For Immediate Release, March 24, 2015
Contact: |
Noah Greenwald, (503) 484-7495, ngreenwald@biologicaldiversity.org
Tim Layser, (509) 671-2501
Haley McKey, (202) 772-0247, hmckey@defenders.org |
Court Gives Idaho's Endangered Caribou Another Chance for Adequately Protected Critical Habitat
Judge Finds U.S. Fish and Wildlife Service Did Not Give Public Opportunity to
Comment on Agency’s Decision to Cut Critical Habitat by 90 Percent
BOISE, Idaho— In response to a lawsuit from a coalition of six conservation organizations, a federal court has ordered the U.S. Fish and Wildlife Service to reconsider its 2013 decision to reduce by 90 percent its designation of critical habitat for the endangered mountain caribou. The court found in Monday’s decision that the agency had not given the public sufficient opportunity to comment on the final designation, which slashed protected habitat for the beleaguered caribou from a proposed 375,562 acres to a mere 30,010 acres.
“We can recover mountain caribou in Idaho and Washington, but it can't be done without protecting their habitat,” said Noah Greenwald, endangered species director at the Center for Biological Diversity. “I'm encouraged the lower 48's last caribou will get another chance at being awarded the amount of critical habitat that will truly foster their recovery.”
Caribou once ranged across much of the northern lower 48 states, including the northern Rocky Mountains, upper Midwest and Northeast. The last remaining population in the northern Rocky Mountains was protected under the Endangered Species Act in 1984. In response to a 2002 petition from the conservation groups, the Fish and Wildlife Service proposed designation of more than 375,000 acres in 2011. But then, in a sharp reversal in 2012, the agency designated only about 30,000 acres for the animals, arguing that caribou primarily reside in Canada now and that conservation efforts there are sufficient.
“We didn't abdicate recovery of the bald eagle to Canada nor should we do so with the caribou,” said Senior Attorney Jason Rylander at Defenders of Wildlife. “It will be a sad day if we have to tell our children and grandchildren that we once had reindeer in the lower 48 states, but that we allowed them — like the passenger pigeon, Carolina parakeet and so many others — to be wiped out.”
The Fish and Wildlife decision to slash critical habitat threatens to undermine habitat protections called for in the species' federal recovery plan, which identified the area needed for recovery as being somewhat larger than the proposed 375,000 acre designation.

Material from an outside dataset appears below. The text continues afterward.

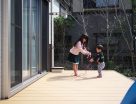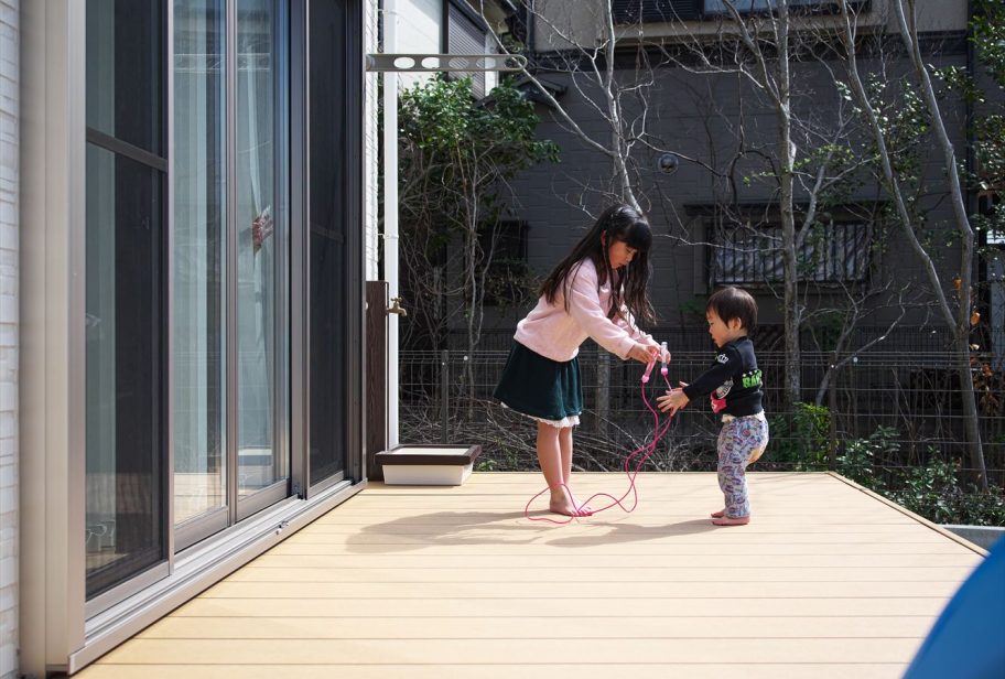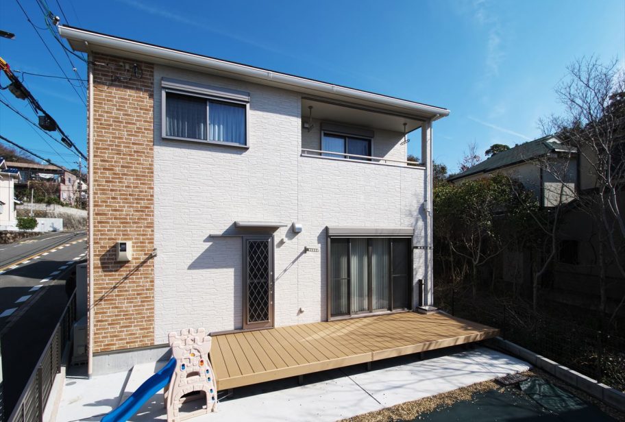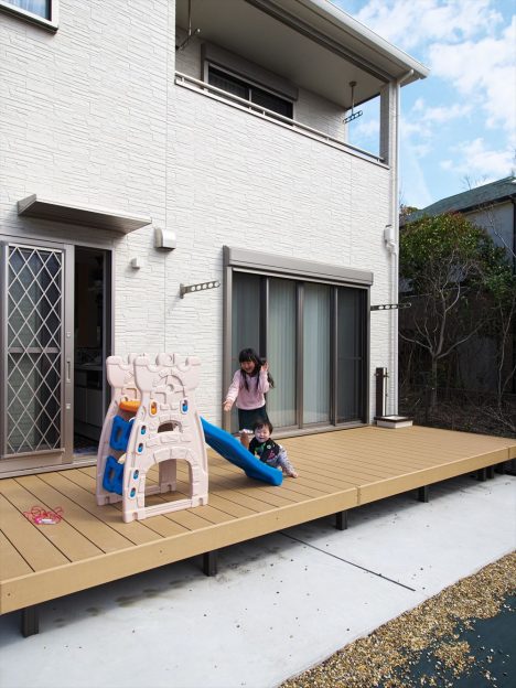 お家の中で遊び回った後は、リビング直結のウッドデッキへ出て、滑り台や日向ぼっこでもできるように♡また外でBBQする時に大活躍するウッドデッキも大きくて最適です。

In 2005 the groups sued the Forest Service and obtained a closure to snowmobile use for the habitat identified in the recovery plan. The final critical habitat designation, however, includes only a fraction of this area, and the Forest Service is already considering lifting the closure. With new technologies allowing snowmobiles to get ever farther into the backcountry, these machines are a major threat to the shy, easily spooked animals.
“This is one step out of many that are needed to stop the decline of this small caribou herd that likely once numbered in the hundreds,” said Tim Layser, wildlife biologist with the Selkirk Conservation Alliance. “With adequate protection from the impacts of off-trail snowmobiling and other threats, caribou numbers can once again be given a chance for recovery in the United States, although other issues need to be addressed.”
Mountain caribou are a unique form of woodland caribou adapted to surviving winters of deep snow, with dinner-plate-sized hooves that work like snowshoes and an ability to subsist for three to four months at a time on nothing but arboreal lichens found on old-growth trees. U.S. caribou are part of a population that straddles the border with British Columbia, with fewer than 20 animals found on the U.S. side of the border in recent years.
The groups fighting for greater protection for the caribou are the Center for Biological Diversity, Conservation Northwest, Selkirk Conservation Alliance, The Lands Council, Idaho Conservation League and Defenders of Wildlife, and were represented in litigation by Laurie Rule of Advocates for the West.